One joke in “The Foot Fist Way” can give you a good idea of what you’re in for. Fred (Danny R. McBride), the belligerent white-trash Tae Kwon Do instructor who is the film’s protagonist, is sitting down to dinner with his skanky wife and a neighbor couple. Just as they’re about to eat, Fred says, “Oh, s***! We forgot to say grace!”

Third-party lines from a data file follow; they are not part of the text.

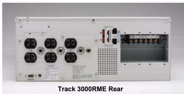
Track 3000RME Rear

NOTE: Standard models come with LED display and designated 'T' or 'RM' e.g. Track 3000T Extended models come with LCD display and are designated 'TE' or 'RME' e.g. Track 3000TE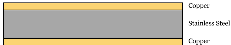
Cross section of CopperPlus

CopperPlus is a metallurgically bonded metallic composite strip produced by roll bonding. The roll-bonding process is based on solid-state welding technology, requiring no adhesive or brazing alloys to achieve a clean, permanent, bond. The clad material has excellent bond integrity due to the nature of the metallurgical bond that develops between the copper and stainless steel layers.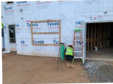
Exterior - taping of seams (Tyvek weather wrap. Placement of Ardex, bathrooms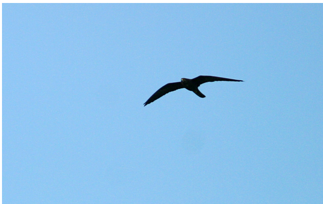
Eleonora's Falcon Falco eleonorae , black phase, Cap de Formentor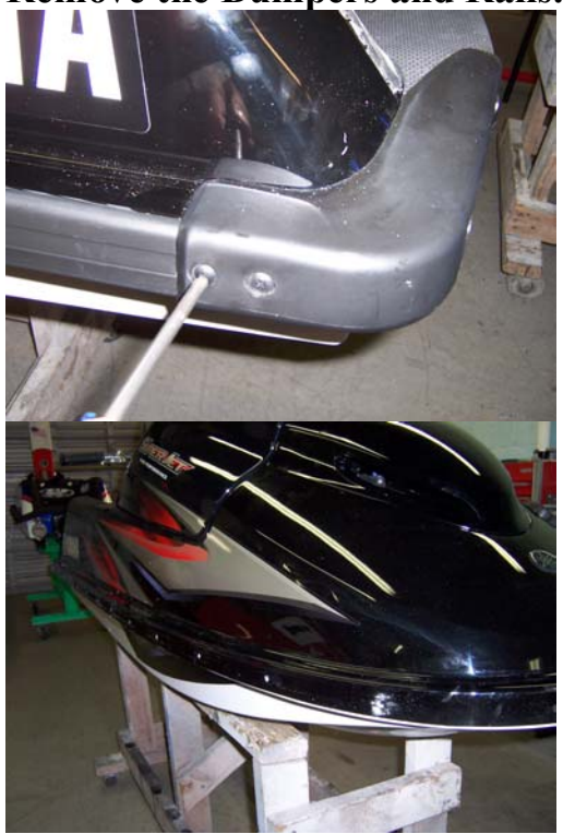
Remove the Bumpers and Rails.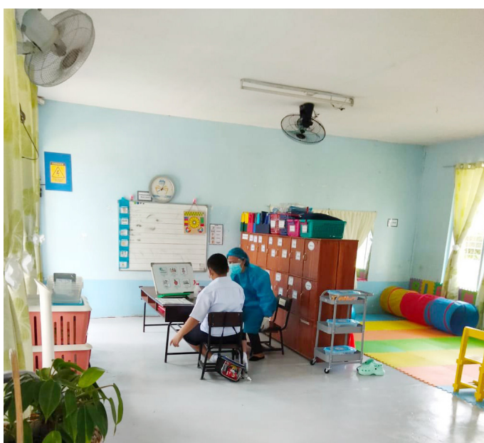
The Palo I Central School in Palo, Leyte is among the 10 public schools in the region to join the pilot testing of the face-to-face classes which started on Monday (Nov.15). The school has two students who are enrolled of its special education classes for the pilot testing of face-to-face classes.

The humor is in the juxtaposition, of course, the incongruity of a man remembering to pray but expressing it so vulgarly. Inappropriate behavior is at the heart of the whole film, which is a raucous and often very funny examination of a man who is a loser in every possible respect, and this sort of thing has a long, proud history in comedy. “Fawlty Towers” derived its laughs from a pathetic man who always said and did the socially incorrect thing, and who consequently never managed to get ahead in life. Both versions of “The Office” center on perpetually awkward men whose unearned confidence in their own abilities creates one uncomfortable situation after another. Will Ferrell has made a career out of playing arrogant, loud-mouthed buffoons who never realize what idiots they are.
It’s no surprise, then, that Ferrell and his writing partner Adam McKay are among the many high-profile fans of “The Foot Fist Way.” It was Ferrell and McKay who discovered the film, which had premiered at Sundance in 2006 and languished in obscurity thereafter, and used their clout to get it into theaters. Now there are ads featuring quotes not from film critics but from comics like Patton Oswalt, Ben Stiller, and Seth Rogen. It’s smart marketing: Who knows “funny” better than these guys?
It definitely has “cult classic” written all over it, insofar as either you think it’s really funny, or you find Fred’s abrasiveness off-putting beyond all tolerance. (Have you noticed that when it comes to “cult classics,” people either love them or hate them? Nothing bland and congenial ever achieves that status.) My take: I sure laughed a lot. Yes, I’m a sucker for gags based on things that you’re not supposed to joke about, as when Fred beats up a young student because he thinks the kid’s father is cheating with Fred’s wife. (“You got a cup on?” he warns the kid beforehand. “‘Cause I will hit you there.”) In fact, I love the basic idea of a Tae Kwon Do instructor starting a dojo not for noble reasons like improving people’s athleticism and self-confidence, but strictly as a means of meeting hot chicks and beating people up with impunity. Because, you know, that’s not why you’re supposed to teach martial arts. Get it?
The film, written and directed by Jody Hill (with co-writers McBride and Ben Best), is shot with handheld cameras in the familiar do-it-yourself fashion. Fred, a redneck with a military haircut and a police officer mustache, believes himself to be a master teacher, yet even he has an idol: Chuck the Truck (Ben Best), a Chuck Norris-like professional fighter who appears in cheesy action movies. The thrust of the film’s story is that Fred wants Chuck to come be a guest judge at his dojo’s upcoming trials.
More important than the story, though, is Fred himself. McBride has played bit parts in other films, and his new friendship with Ferrell means he’ll soon play many more, but Fred is his tour de force. He’s a grossly immature and stubborn bully, a delusional ladies’ man, and a selfish jerk in most respects. His way of building up a young student’s confidence is to keep pointing out that the student has a confidence problem. In trying to patch things up with his trampy wife, Suzie (Mary Jane Bostic), he says with all sincerity, “I can be the bigger man. But you’re gonna have to be the smaller woman.” You wouldn’t want to deal with Fred in real life — though it’s shocking how closely he resembles certain people we all know — but as a fictional character, his idiocy can be highly amusing.
I didn’t laugh at everything the movie threw at me; I’d be curious to watch the film with Ferrell, who says he’s seen it 20 times, and see if he laughs at some of the things that completely fell flat for me. (Then again, maybe I just idolize Ferrell and want to see how compatible our senses of humor are. We should totally be pals, Will! I’m funny too sometimes! Call me!) And there lurks, at the back of my mind, the knowledge that a lot of transgressive comedy is fairly easy: Think of how people are supposed to act, then have your characters do the opposite. It ain’t exactly rocket science. But I laughed, and I’d watch it again, and if I were a more vulgar man I’d quote a lot of the lines in my daily life. So there you go.